Banxia Xiexin decoction, a traditional Chinese medicine, alleviates colon cancer in nude mice

Shuai Yan 1,#, Yinzi Yue 1,#, Jinbang Wang 2, Wenting Li 3, Mingming Sun 1, Li Zeng 3,, Xiaopeng Wang 1,
PMCID: PMC6736817  PMID: 31555689

Abstract

Backgrounds

Banxia Xiexin decoction (BXD) is widely used in the treatment of acute and chronic gastritis, peptic ulcer, dyspepsia, gastrointestinal dysfunction, chronic hepatitis, oral ulcer and other diseases, but there are few reports on its treatment of colon cancer. The current study was designed to investigate the effect of BXD on colon cancer and its possible molecular mechanisms.

Methods

Fifty SPF BALB/c nude mice were selected to establish an animal model of colon cancer bearing nude mice. Establishment of nude mice intestinal cancer model by subcutaneous injection of intestinal cancer cells. Serum superoxide dismutase (SOD) and malondialdehyde (MDA) were detected by commercial kits. Pro-inflammatory cytokines in serum were detected. Western blotting was used to demonstrate the expression levels of related apoptosis proteins, inflammation and oxidative stress proteins.

Results

Our results showed that BXD could decrease SOD and increased MDA in nude mice bearing tumors. BXD increased pro-inflammatory cytokines in serum in nude mice bearing tumors. Western blotting revealed that the protein expressions of Bax, Caspase-3, Caspase-9 were increased by different concentrations of BXD, while Bcl-2 was decreased. BXD also decreased Nrf-2 and HO-1, and increased the levels of MAPK/NF-κB pathway in tumor tissue.

Conclusions

BXD has an obvious tumor inhibiting effect on SW 480 colon cancer transplanted tumor in nude mice via apoptotic pathway and MAPK/NF-κB pathway.
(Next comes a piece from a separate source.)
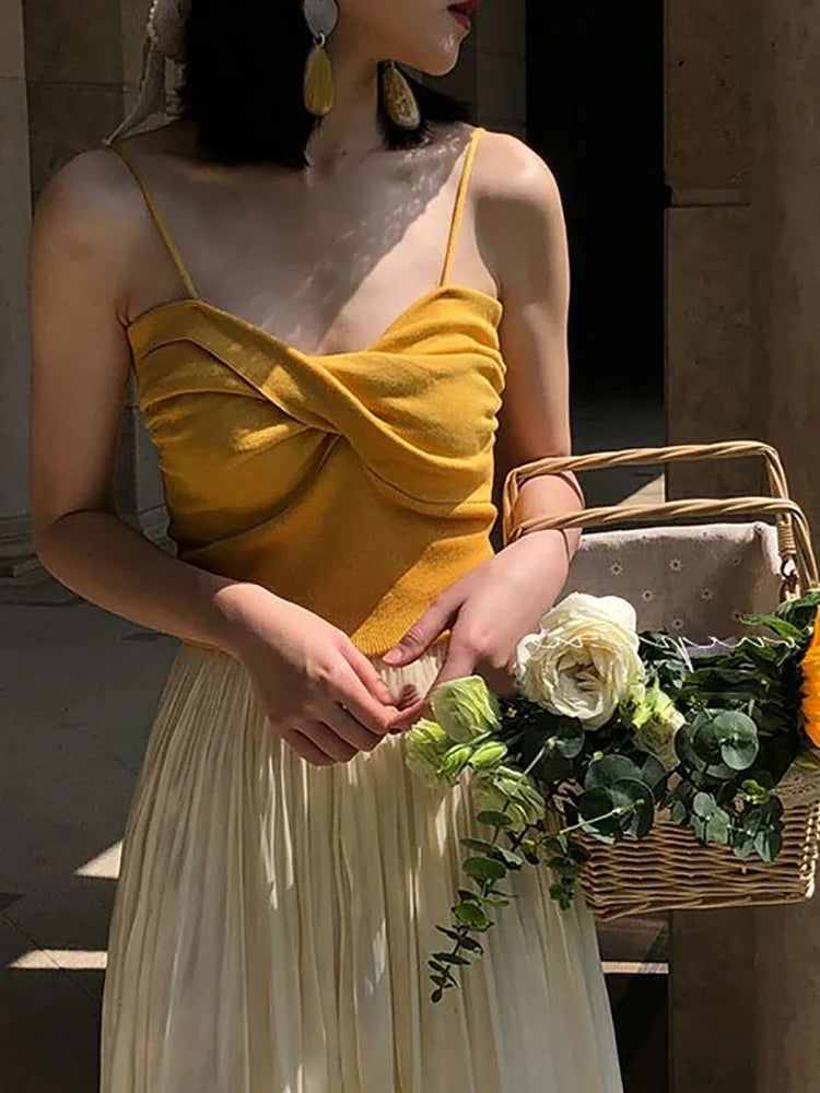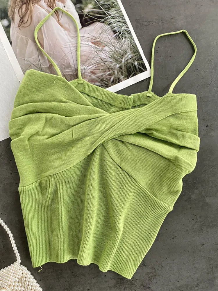 maoxiangshop-Heliar Women Pleated Strapy Camisoles Female Slim Crop Tops Knitted Sexy Tops For Women Cloth 2022 Summer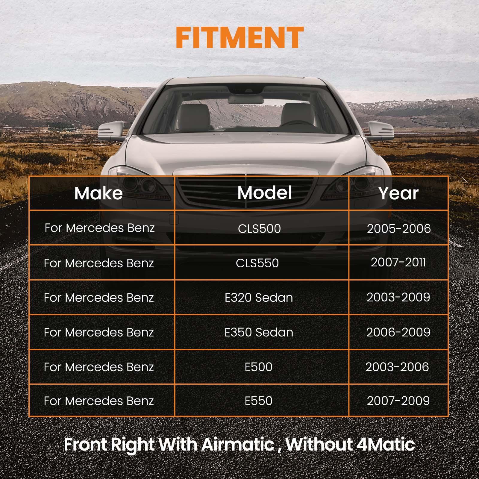 This air shock pair is compatible with the Mercedes-Benz CLS (C219) from 2004 to 2011 and the E-Class (W211) from 2002 to 2009.

Keywords: Colon cancer, Banxia Xiexin decoction (BXD), nude mice

Introduction

Colon cancer is one of the common malignant tumors of digestive tract. The incidence rate and mortality rate of colorectal cancer are the third and fourth respectively in the world. In recent years, the incidence rate and mortality rate of colorectal cancer have not increased significantly in the world. The incidence rate and mortality rate of colorectal cancer in developed countries, represented by the United States, have declined to varying degrees. However, the decline is mainly due to screening techniques and reduction of exposure to high-risk factors. Improvement of treatment methods also plays an important role in accelerating the reduction of the incidence rate of colorectal cancer (1). Colon cancer has obvious regional distribution differences in the world. Generally speaking, the morbidity and mortality in developed areas are higher than those in developed areas. The incidence rate and mortality rate of colon cancer in China are still lower than those in developed countries and belong to low-incidence areas. However, the overall level of incidence rate and mortality rate are on the rise year by year. With the development of economy, changes in the national living environment, diet, lifestyle and social pressure are closely related to the occurrence of the disease (2). At present, the treatment of colon cancer in clinic mainly adopts surgery, radiotherapy and traditional Chinese medicine adjuvant chemotherapy. Because colon cancer is not easily detected in the early stage or diagnosed as multiple metastases in the late stage, there are not many cases treated by surgery, so chemotherapy is a common method. In recent years, the research on chemotherapy drugs for colon cancer has become a hot topic (3-5). Although the death rate has decreased in recent years due to the improvement of screening, diagnosis, prognosis and treatment methods, the currently available treatment methods include surgery, radiotherapy and chemotherapy, especially for patients with advanced colon cancer (6-8). Chemotherapy drugs have been widely used in patients with advanced colon cancer. However, many patients acquired resistance to chemotherapy drugs, resulting in treatment failure (9). Therefore, identifying new drugs with small side effects can improve the quality of life of colon cancer patients.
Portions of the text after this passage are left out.